Work instructions >>
Please copy each line of the listing that includes the string "tasche".

Given data >>
_ _ _ _ _ _ _

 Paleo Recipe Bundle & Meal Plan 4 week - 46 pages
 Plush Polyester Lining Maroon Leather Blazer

_ _ _ _ _ _ _

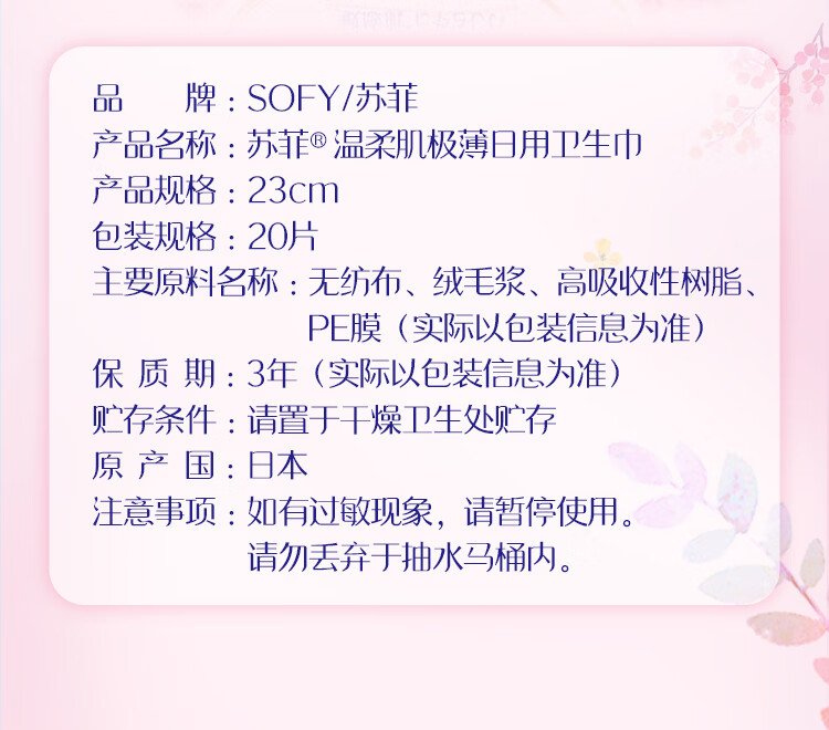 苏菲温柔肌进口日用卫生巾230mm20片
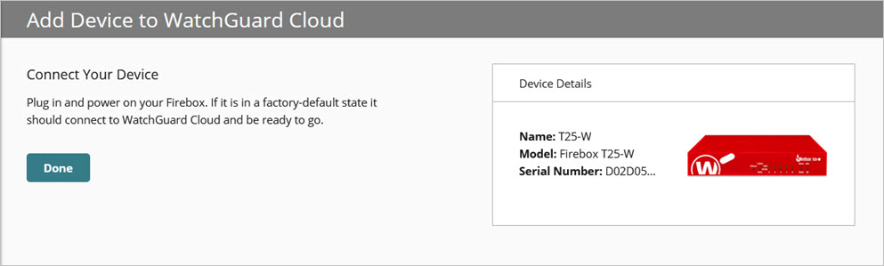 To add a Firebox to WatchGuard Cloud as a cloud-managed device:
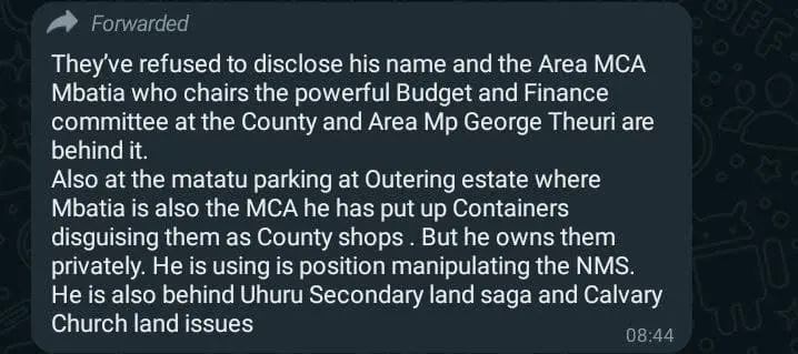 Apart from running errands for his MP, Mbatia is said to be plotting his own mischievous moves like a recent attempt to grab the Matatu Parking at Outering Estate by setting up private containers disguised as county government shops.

_ _ _ _ _ _ _

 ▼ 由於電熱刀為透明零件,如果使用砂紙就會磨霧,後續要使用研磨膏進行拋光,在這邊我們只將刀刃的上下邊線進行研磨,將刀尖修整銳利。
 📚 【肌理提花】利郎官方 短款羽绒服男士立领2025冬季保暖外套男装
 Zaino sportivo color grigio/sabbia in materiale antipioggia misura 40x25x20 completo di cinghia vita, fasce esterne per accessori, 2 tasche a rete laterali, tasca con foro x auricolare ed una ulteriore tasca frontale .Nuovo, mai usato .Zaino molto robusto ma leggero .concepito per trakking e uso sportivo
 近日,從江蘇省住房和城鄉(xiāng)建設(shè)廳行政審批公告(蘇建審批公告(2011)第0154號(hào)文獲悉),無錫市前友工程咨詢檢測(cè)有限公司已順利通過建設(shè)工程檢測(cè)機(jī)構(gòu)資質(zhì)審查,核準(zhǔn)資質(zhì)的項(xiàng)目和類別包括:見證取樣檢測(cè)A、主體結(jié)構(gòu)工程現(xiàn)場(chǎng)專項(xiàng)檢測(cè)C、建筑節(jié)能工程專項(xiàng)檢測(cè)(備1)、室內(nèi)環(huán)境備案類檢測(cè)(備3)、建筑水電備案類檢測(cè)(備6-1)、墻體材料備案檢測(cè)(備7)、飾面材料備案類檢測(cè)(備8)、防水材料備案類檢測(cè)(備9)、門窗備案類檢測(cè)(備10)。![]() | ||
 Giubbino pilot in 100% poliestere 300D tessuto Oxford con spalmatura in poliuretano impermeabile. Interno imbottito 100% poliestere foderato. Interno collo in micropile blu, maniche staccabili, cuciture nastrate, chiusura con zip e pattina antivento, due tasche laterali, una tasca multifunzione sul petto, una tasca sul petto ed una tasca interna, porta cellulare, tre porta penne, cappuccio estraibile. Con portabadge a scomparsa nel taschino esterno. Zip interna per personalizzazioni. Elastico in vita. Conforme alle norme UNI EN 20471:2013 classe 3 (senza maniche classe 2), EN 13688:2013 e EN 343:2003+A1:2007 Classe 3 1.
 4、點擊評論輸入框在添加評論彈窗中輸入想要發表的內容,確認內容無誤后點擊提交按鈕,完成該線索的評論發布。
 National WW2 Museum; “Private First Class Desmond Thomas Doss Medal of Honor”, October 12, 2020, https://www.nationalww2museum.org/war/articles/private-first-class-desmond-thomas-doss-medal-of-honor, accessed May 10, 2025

_ _ _ _ _ _ _

Result of the task >>
 Zaino sportivo color grigio/sabbia in materiale antipioggia misura 40x25x20 completo di cinghia vita, fasce esterne per accessori, 2 tasche a rete laterali, tasca con foro x auricolare ed una ulteriore tasca frontale .Nuovo, mai usato .Zaino molto robusto ma leggero .concepito per trakking e uso sportivo
 Giubbino pilot in 100% poliestere 300D tessuto Oxford con spalmatura in poliuretano impermeabile. Interno imbottito 100% poliestere foderato. Interno collo in micropile blu, maniche staccabili, cuciture nastrate, chiusura con zip e pattina antivento, due tasche laterali, una tasca multifunzione sul petto, una tasca sul petto ed una tasca interna, porta cellulare, tre porta penne, cappuccio estraibile. Con portabadge a scomparsa nel taschino esterno. Zip interna per personalizzazioni. Elastico in vita. Conforme alle norme UNI EN 20471:2013 classe 3 (senza maniche classe 2), EN 13688:2013 e EN 343:2003+A1:2007 Classe 3 1.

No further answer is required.